1. Use transforms.Compose()
2. Use .RandomHorizontalFlip()
3. You add any extra transforms you like.
4. Create this transform for both the train set and test set. Note that for the test, we do not require any transform

In [8]:
train_transform = transforms.Compose([transforms.RandomHorizontalFlip(), transforms.ToTensor()])
test_transform = transforms.Compose([transforms.ToTensor()])

-----
### We then download and prepare the data with the transforms defined above:
1. Use command torchvision.datasets.CIFAR10() with root, train, download and transform positional arguments.
2. Use the same command to create both train split and test split.
3. Use torch.utils.data.DataLoader() to create the data loader based on the data we have.
3. Use this command for both the training split data loader and test split data loader

In [9]:
train_set = dset.CIFAR10(root='./data', train=True, download=True, transform=train_transform)
train_loader = data.DataLoader(dataset=train_set, batch_size=trainBatchSize, shuffle=True)
test_set = dset.CIFAR10(root='./data', train=False, download=True, transform=test_transform)
test_loader = data.DataLoader(dataset=test_set, batch_size=100, shuffle=False)

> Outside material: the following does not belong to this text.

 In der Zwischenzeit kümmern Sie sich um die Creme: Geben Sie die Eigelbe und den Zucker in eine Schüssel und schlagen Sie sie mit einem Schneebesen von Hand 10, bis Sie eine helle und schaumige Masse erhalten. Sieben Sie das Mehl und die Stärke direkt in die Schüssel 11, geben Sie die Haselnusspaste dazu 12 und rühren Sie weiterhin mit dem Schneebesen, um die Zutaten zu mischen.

Files already downloaded and verified
Files already downloaded and verified


In [10]:
train_loader

<torch.utils.data.dataloader.DataLoader at 0x792087efe460>

------
### Inception Module with dimension reductions
1. Create a python class called Inception which inherits nn.module

2. Create a init function to init this python class
    1. Require in_planes, kernel_1_x, kernel_3_in, kernel_3_x, kernel_5_in, kernel_5_x and pool_planes 7 arguments.
    
    2. There are 4 Sequential blocks: b1,b2,b3,b4
    
    3. b1 is a block that consists of 2D convolution, a 2D batch normalization layer and a ReLU activation function
    
    4. b2 is a block that consists of two 2D convolutions, two 2D batch normalization layers and two ReLU activation functions
    
    5. b3 is a block that consists of two 2D convolutions, two 2D batch normalization layers and two ReLU activation functions
    
    6. b4 is a block consists of a Maxpooling layer, a 2D convolution, a 2D batch normalization layer and a ReLU activation function
    
3. Create the forward function: the forward function will forward the input function though every block and return the concatenation of all the output.

In [11]:
class Inception(nn.Module):
    def __init__(self, in_planes, kernel_1_x, kernel_3_in, kernel_3_x, kernel_5_in, kernel_5_x, pool_planes):
        super(Inception, self).__init__()
        # 1x1 conv branch
        self.b1 = nn.Sequential(
            nn.Conv2d(in_planes, kernel_1_x, kernel_size=1),
            nn.BatchNorm2d(kernel_1_x),
            nn.ReLU(True),
        )
        # 1x1 conv -> 3x3 conv branch
        self.b2 = nn.Sequential(
            nn.Conv2d(in_planes, kernel_3_in, kernel_size=1),
            nn.BatchNorm2d(kernel_3_in),
            nn.ReLU(True),
            nn.Conv2d(kernel_3_in, kernel_3_x, kernel_size=3, padding=1),
            nn.BatchNorm2d(kernel_3_x),
            nn.ReLU(True),
        )
        # 1x1 conv -> 5x5 conv branch
        self.b3 = nn.Sequential(
            nn.Conv2d(in_planes, kernel_5_in, kernel_size=1),
            nn.BatchNorm2d(kernel_5_in),
            nn.ReLU(True),
            nn.Conv2d(kernel_5_in, kernel_5_x, kernel_size=5, padding=2),
            nn.BatchNorm2d(kernel_5_x),
            nn.ReLU(True),
        )
        # 3x3 max pool -> 1x1 conv branch
        self.b4 = nn.Sequential(
            nn.MaxPool2d(kernel_size=3, stride=1, padding=1),
            nn.Conv2d(in_planes, pool_planes, kernel_size=1),
            nn.BatchNorm2d(pool_planes),
            nn.ReLU(inplace=True),
        )

    def forward(self, x):
        out1 = self.b1(x)
        out2 = self.b2(x)
        out3 = self.b3(x)
        out4 = self.b4(x)
        
        out = torch.cat((out1, out2, out3, out4), 1) 
        return out


-----
### GoogLeNet Module: the structure is in the lab manual

In [12]:
# the in_channels and the out_channels
class GoogLeNet(nn.Module):
    def __init__(self):
        super(GoogLeNet, self).__init__()
        self.pre_layers = nn.Sequential(
            nn.Conv2d(3, 192, kernel_size=3, padding=1),
            nn.BatchNorm2d(192),
            nn.ReLU(inplace=True)
        )

        #defining all the blocks
        self.a3 = Inception(192, 64, 96, 128, 16, 32, 32)
        self.b3 = Inception(256, 128, 128, 192, 32, 96, 64)
        
        self.maxpool = nn.MaxPool2d(3, stride=2, padding=1)
        
        self.a4 = Inception(480, 192, 96, 208, 16, 48, 64)
        self.b4 = Inception(512, 160, 112, 224, 24, 64, 64)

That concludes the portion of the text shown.